The questions readers most often ask about CJC-1295 — its mechanism, its half-life, its dose range, its discontinued clinical program — answered from the peer-reviewed record and cited where the answer is quantitative.

## What is CJC-1295?

CJC-1295 is a 30-amino-acid synthetic analog of growth hormone-releasing hormone (GHRH 1-29), modified at four positions to resist DPP-IV degradation. Originally developed by ConjuChem in the early 2000s as a long-acting GH secretagogue, the DAC variant carries a C-terminal lysine-maleimide linker that covalently binds serum albumin, extending plasma half-life to several days [01][02].

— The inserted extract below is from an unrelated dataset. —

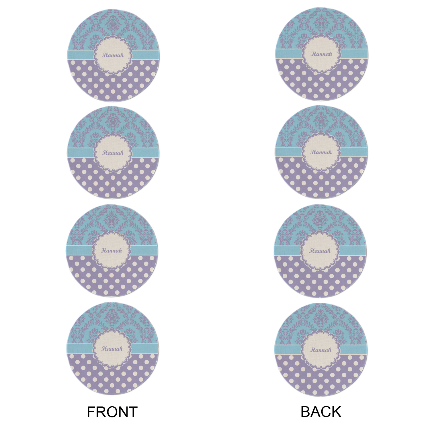 Here is a wonderful damask design with a fun, modern twist. The top of this design features a blue and purple elegant damask. The bottom features a classic design of purple with white polka dots. The two make an adorable combination. The design is completely re-color-able - so you can change any of of the colors and choose from the many many colors in our customization system.

## What does CJC-1295 do to your body?

It binds the GHRH receptor on pituitary somatotrophs and amplifies the body's endogenous pulsatile growth hormone release, raising downstream IGF-1. In Teichman 2006, single subcutaneous doses in healthy adults produced two- to ten-fold GH elevations sustained for six days or more and 1.5- to 3-fold IGF-1 elevations sustained for nine to eleven [01].

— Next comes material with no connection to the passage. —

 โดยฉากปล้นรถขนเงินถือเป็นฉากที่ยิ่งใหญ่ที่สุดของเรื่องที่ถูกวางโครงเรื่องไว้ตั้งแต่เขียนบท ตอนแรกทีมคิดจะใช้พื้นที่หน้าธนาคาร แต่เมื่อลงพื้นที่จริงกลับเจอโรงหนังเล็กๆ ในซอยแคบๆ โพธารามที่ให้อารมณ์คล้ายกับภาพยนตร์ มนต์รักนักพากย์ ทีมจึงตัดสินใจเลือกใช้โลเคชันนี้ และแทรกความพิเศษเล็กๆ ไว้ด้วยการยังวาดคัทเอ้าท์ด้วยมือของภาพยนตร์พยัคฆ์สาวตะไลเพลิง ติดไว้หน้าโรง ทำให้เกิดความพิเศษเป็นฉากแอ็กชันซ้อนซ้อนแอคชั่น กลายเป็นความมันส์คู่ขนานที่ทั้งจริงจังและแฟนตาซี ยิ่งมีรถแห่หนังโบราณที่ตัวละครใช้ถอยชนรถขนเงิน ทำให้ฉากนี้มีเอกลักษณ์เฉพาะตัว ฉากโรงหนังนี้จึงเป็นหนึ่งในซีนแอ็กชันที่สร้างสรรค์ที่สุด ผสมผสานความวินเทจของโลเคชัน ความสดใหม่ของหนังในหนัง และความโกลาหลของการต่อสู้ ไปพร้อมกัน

## What is the difference between CJC-1295 DAC and CJC-1295 no DAC?

DAC (drug affinity complex) is a maleimidopropionyl linker on a C-terminal lysine that covalently binds serum albumin, extending plasma half-life to 5.8-8.1 days [01][02]. Non-DAC, also called modified GRF 1-29, lacks this linker; its half-life is about 30 minutes and research protocols use multiple daily injections [13].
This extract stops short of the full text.